Brands: controlling how your products show up in retail feeds and AI

Once your products hit retailer feeds and AI answers, someone else writes the story. Here is how brands recapture control with authoritative, structured product data.

Brands: controlling how your products show up in retail feeds and AI

You spend months on packaging, positioning, and a beautiful product page. Then your SKU ships to a distributor, gets loaded into a retailer's feed, and shows up in an AI answer described by attributes you never wrote, next to a competitor you never chose. The story left your hands the moment the data did.

That handoff is where brands quietly lose control. Not at the shelf. In the feed.

The moment your product story stops being yours

Here is the uncomfortable part: your own website is no longer the main source AI uses to describe your product. McKinsey's research on AI search found a brand's owned sites make up only a small slice of what AI-powered answers actually reference, with the rest pulled from retailers, marketplaces, reviews, and third-party mentions (McKinsey).

Meanwhile the plumbing has changed. Retailers are moving from "let the bot crawl our site" to pushing structured product data directly into agents through emerging commerce protocols (Modern Retail). Your feed is no longer a back-office file. It is the storefront the AI reads.

So the questions that decide your product story are now:

  • What attributes did the retailer's feed actually carry for your SKU?
  • Which fields came in blank, and what did the system mark "unknown"?
  • What did an answer engine infer when your data went quiet?

You didn't answer any of those. Someone, or something, else did.

Blank fields don't stay blank

When a product feed has gaps, the gaps get filled. Not by you.

Google's AI shopping systems read structured fields in sequence, and when a field is missing they mark it "unknown" rather than guessing generously (eFulfillment Service). A product with explicit, machine-readable care instructions and attributes can match a shopper's query at high confidence. The same product described vaguely, "easy to clean" instead of a real care field, scores far lower and slips down the recommendation order.

Multiply that across a catalog and you get a visibility gap. That same analysis reports stores with near-complete attribute data seeing several times higher visibility in AI recommendations than stores with sparse data. The mechanism is simple: agents recommend what they can confidently understand, and they can only understand what is explicitly there.

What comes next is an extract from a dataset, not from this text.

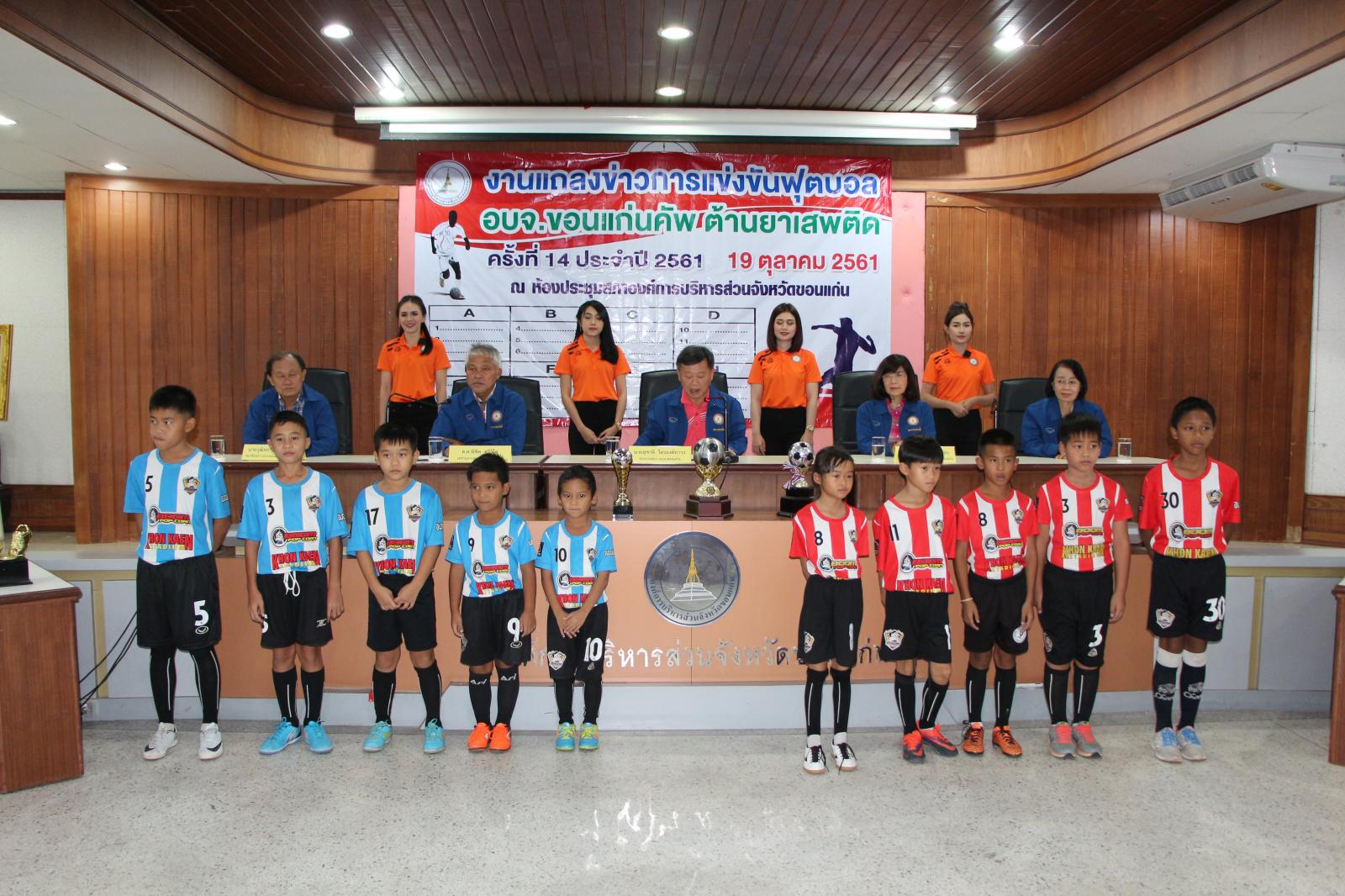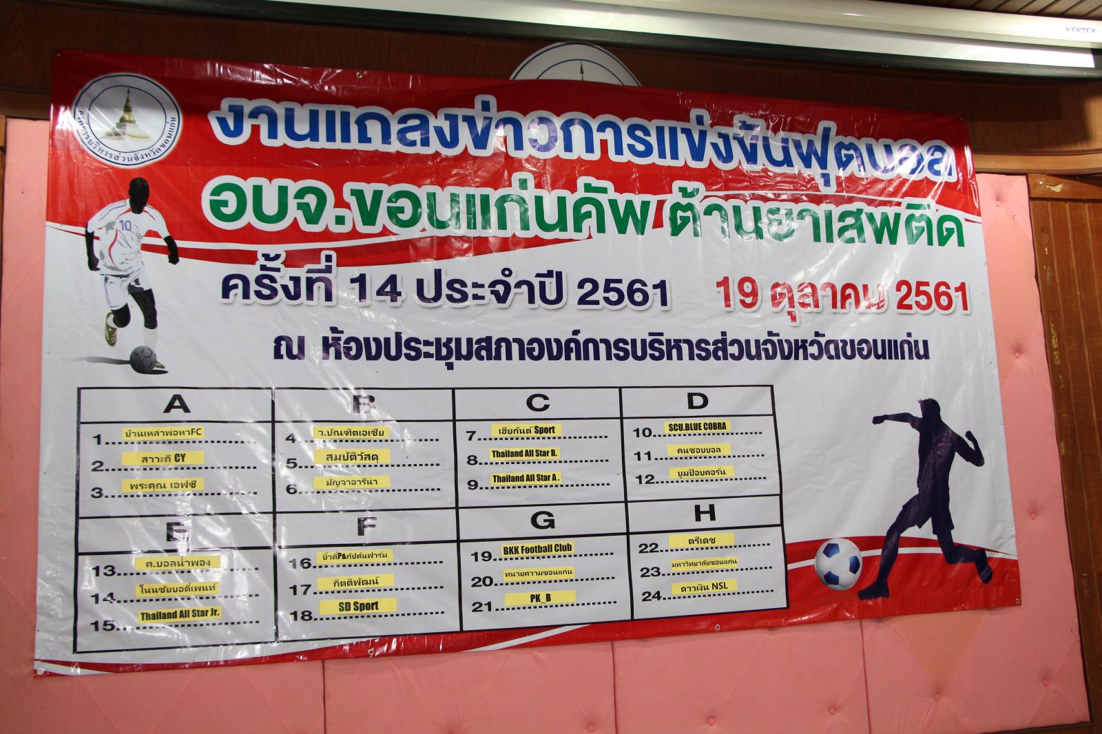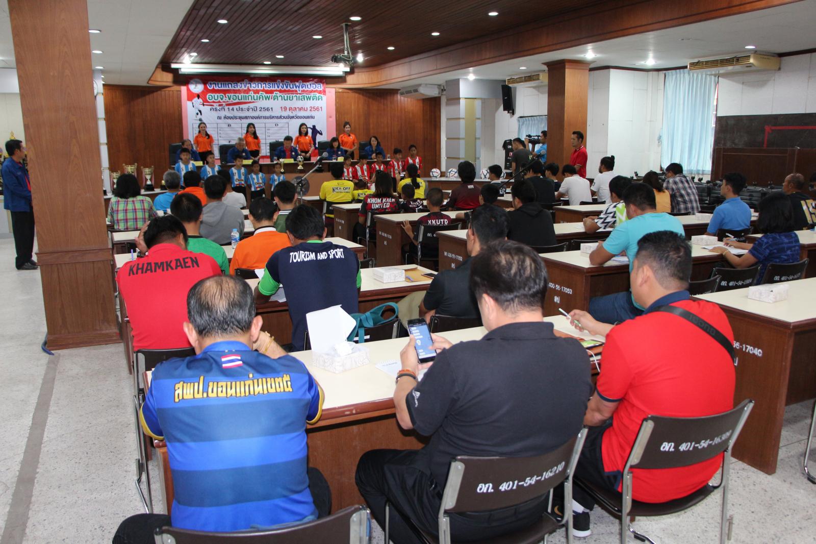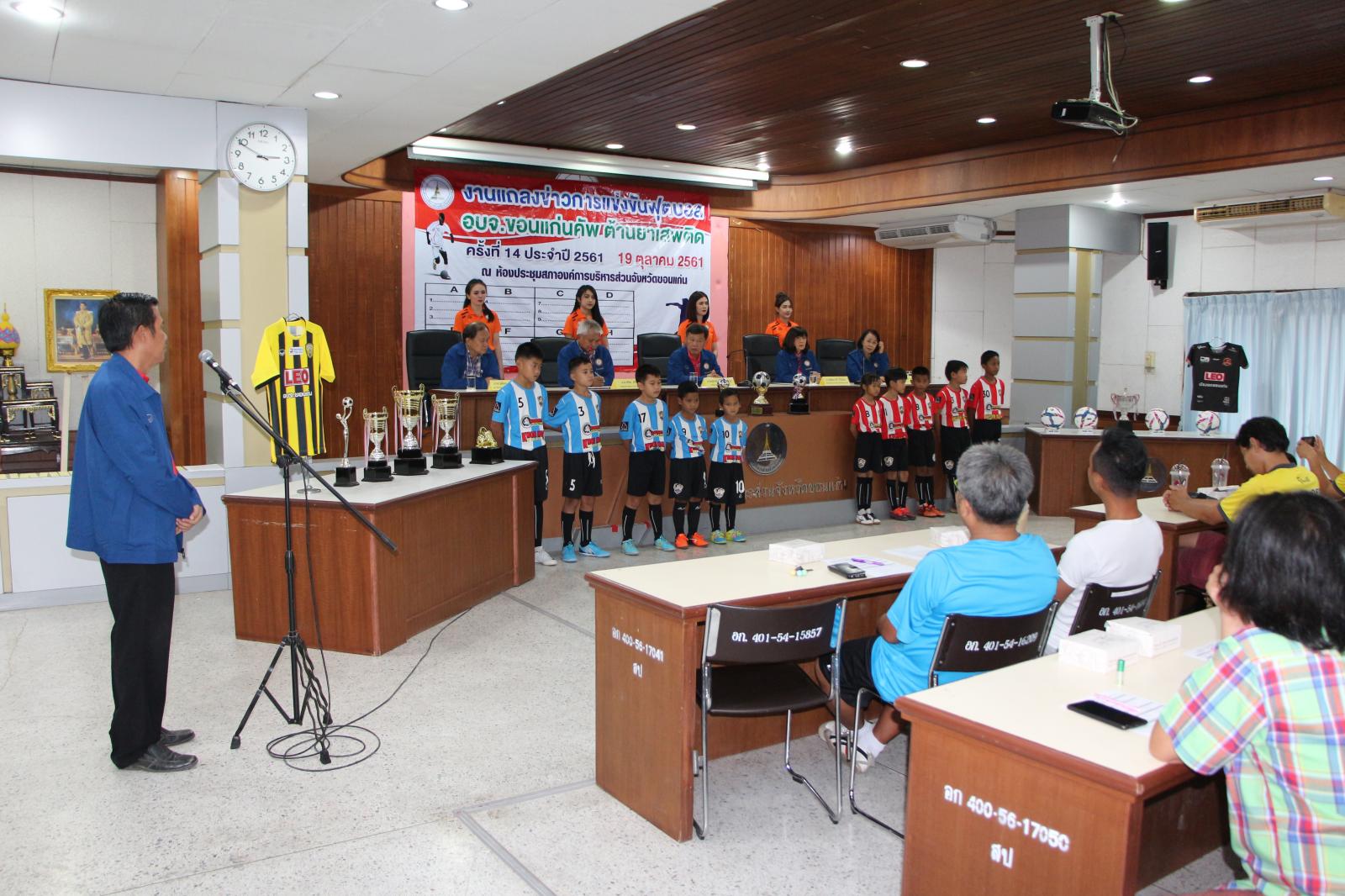 งานแถลงข่าวการแข่งขันกีฬาฟุตบอล อบจ.ขอนแก่น คัพ ต้านยาเสพติด ครั้งที่ 14 ประจำปี 2561 และจับฉลากแบ่งสายการแข่งขัน

Here is the control shift in one table.

Where your product shows upWho writes the story if you don't
Retailer product feedThe retailer's onboarding template and mapping rules
Marketplace listingWhatever attributes the seller pulled from a stale sheet
AI answer engineInferred fields, competitor comparisons, third-party reviews
Comparison snippetThe gaps in your feed, filled with a guess

None of those columns say "the brand." That is the problem worth fixing.

Authoritative structured data is how you take it back

The fix is not louder marketing copy. It is authoritative structured data: complete, consistent, machine-readable attributes that travel with your product everywhere it goes, so retailers and agents have nothing left to guess.

Think of it as writing the answer before the machine has to invent one. Every spec, every compatibility note, every care instruction, every material and dimension, filled and formatted so a feed ingests it cleanly and an answer engine quotes it directly.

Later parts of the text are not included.